Forced labour – sometimes referred to as modern day slavery – has been defined by the International Labour Organisation (ILO) as “work that is performed involuntarily and under the menace of any penalty”. Today, forced labour tends to exist in more subtle means such as debt bondage, retention of identity documents or excessive overtime. Thus, companies should consider the ILO’s 11 indicators of forced labour when assessing their business operations and supply chains.

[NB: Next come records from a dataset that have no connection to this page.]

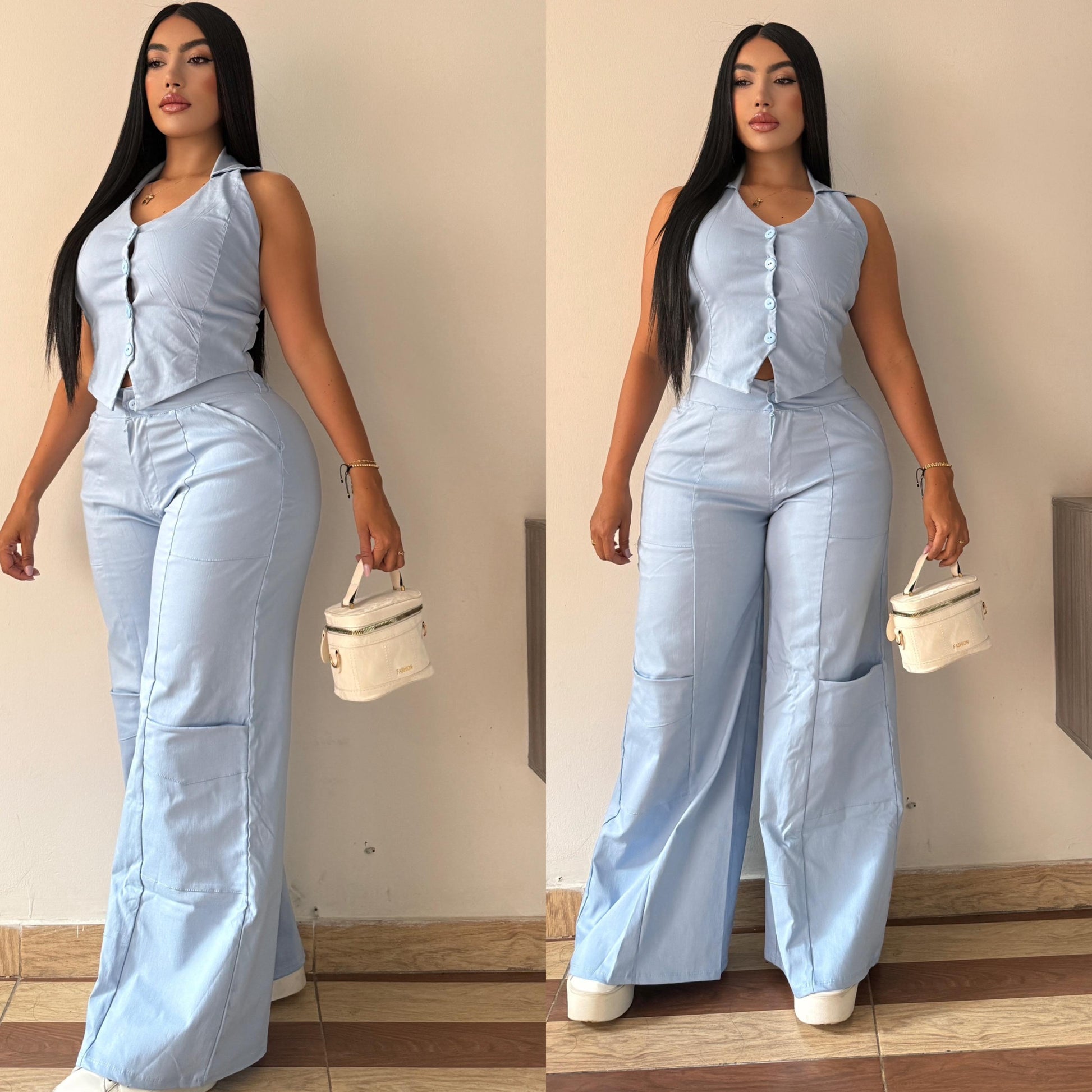 Duo palazo DM de tela bengalina, talla única, excelente calidad. Detalles impecables y ajuste perfecto, ideal para cualquier ocasión.
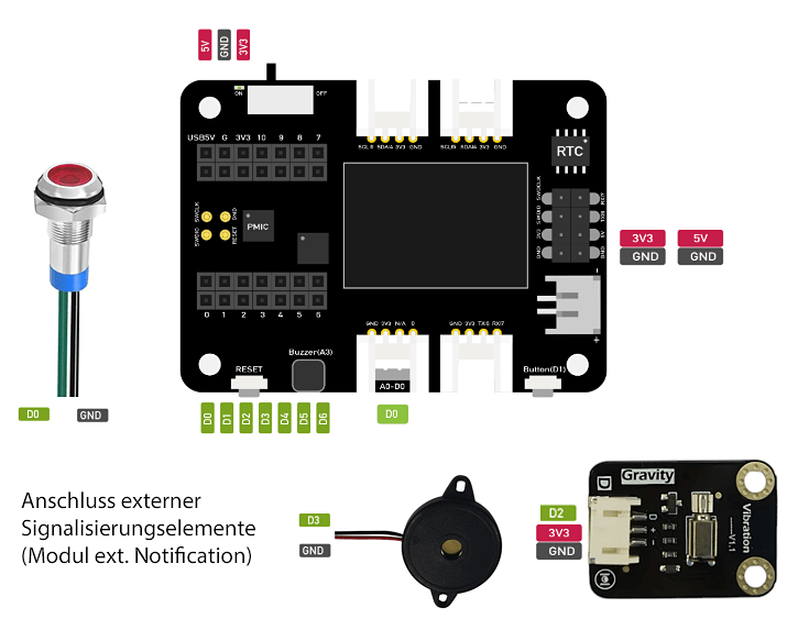 Ich möchte zur Signalisierung eine LED mit Vorwiderstand, einen Piezo-Buzzer oder einen Vibrationsmotor einsetzen. Dem auf dem XIAO-Expansionsboard befindlichen Buzzer konnte ich keinen Ton entlocken und habe deshalb einen externen Piezo-Buzzer eingesetzt. Alle drei Elemente reagieren auf einen Hi-Pegel am betreffenden digitalen Ausgang.
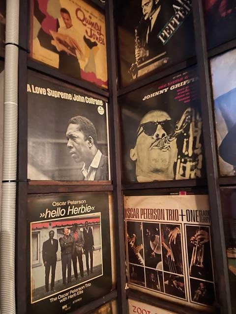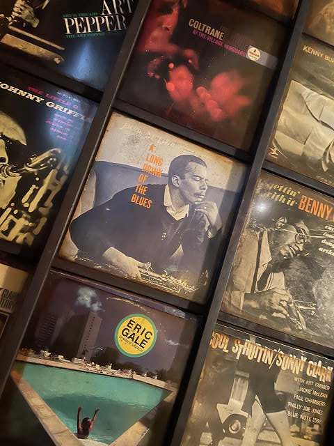 ジャズのレコードジャケットが店内の各所にはめ込まれている。そこにはレコードも入っているという。どれもが年代ものでそれぞれに思いが詰まっている。
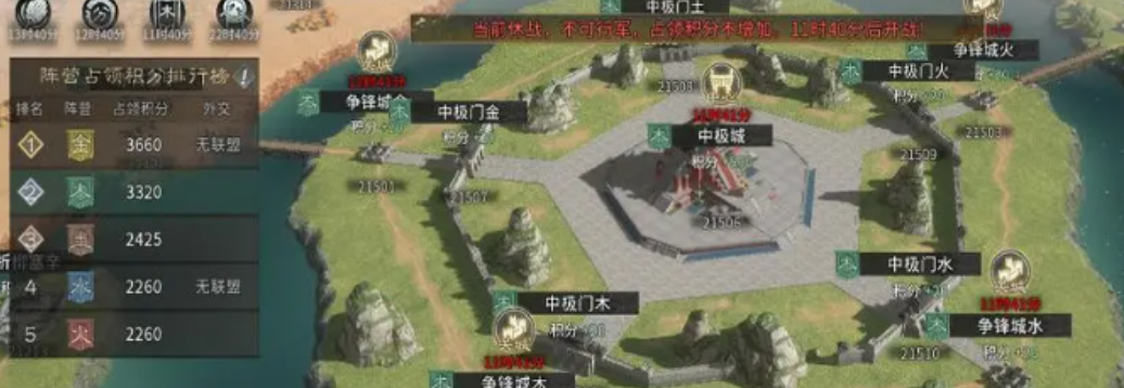 胜负判定以阵营总积分为核心指标,积分直接关联所占领城池数量。活动结束时,积分排名第一的阵营将获得顶级奖励。为提升战略弹性,系统支持阵营间正式结盟:由各阵营“纵横家”(即战功最高玩家)作为代表发起谈判,达成协议后次日生效,持续24小时。结盟期间双方不可相互攻击,且联合进攻第三方城池所得积分均分,有效打破僵持局面,推动战局再平衡。

To help companies take action to combat forced labour and trafficking, the ILO has also developed their
10 Principles for Business Leaders to Combat Forced Labour and Trafficking:

  1. Have a clear and transparent company policy, setting out the measures taken to prevent forced labour and trafficking. Clarify that the policy applies to all enterprises involved in a company’s product and supply chains
  2. Train human resource, compliance officers, and auditors in means to identify forced labour in practice, and seek appropriate remedies. ILO’s indicators of forced labour include retention of identity documents, withholding of wages and debt bondage.
  3. Provide regular information to shareholders and potential investors, attracting them to products and services where there is a clear and sustainable commitment to ethical business practice including prevention of forced labour
  4. Promote agreements and codes of conduct by industrial sector (as in agriculture, construction and textiles), identifying the areas where there is risk of forced labour, and take appropriate remedial measures
  5. Treat migrant workers fairly. Monitor carefully the agencies that provide contract labour, especially across borders, blacklisting those known to have used abusive practices and forced labour
  6. Ensure that all workers have written contracts, in language that they can easily understand, specifying their rights with regard to payment of wages, overtime, retention of identity documents, and other issues related to preventing forced labour
  7. Encourage national and international events among business actors, identifying potential problem areas and sharing good practice
  8. Contribute to programmes and projects to assist, through vocational training and other appropriate measures, the victims of forced labour and trafficking
  9. Build bridges between governments, workers, law enforcement agencies and labour inspectorates, promoting cooperation in action against forced labour and trafficking
  10. Find innovative means to reward good practice, in conjunction with the media

A wealth of resources are free and publicly-available for companies to help companies take stock of where they currently stand against human rights. Some useful self-assessments include:

  1. Human Rights Compliance Assessment: Quick Check by the Danish Institute of Human Rights
  2. Global Compact Self-Assessment Tool by the UN Global Compact
  3. Rapid Self-Assessment: COVID-19 and Human Rights Risks by the UNDP

Looking ahead, companies should anticipate greater emphasis on business and human rights, and begin ensuring that they have taken steps to respect human rights in their operations and across their value chain.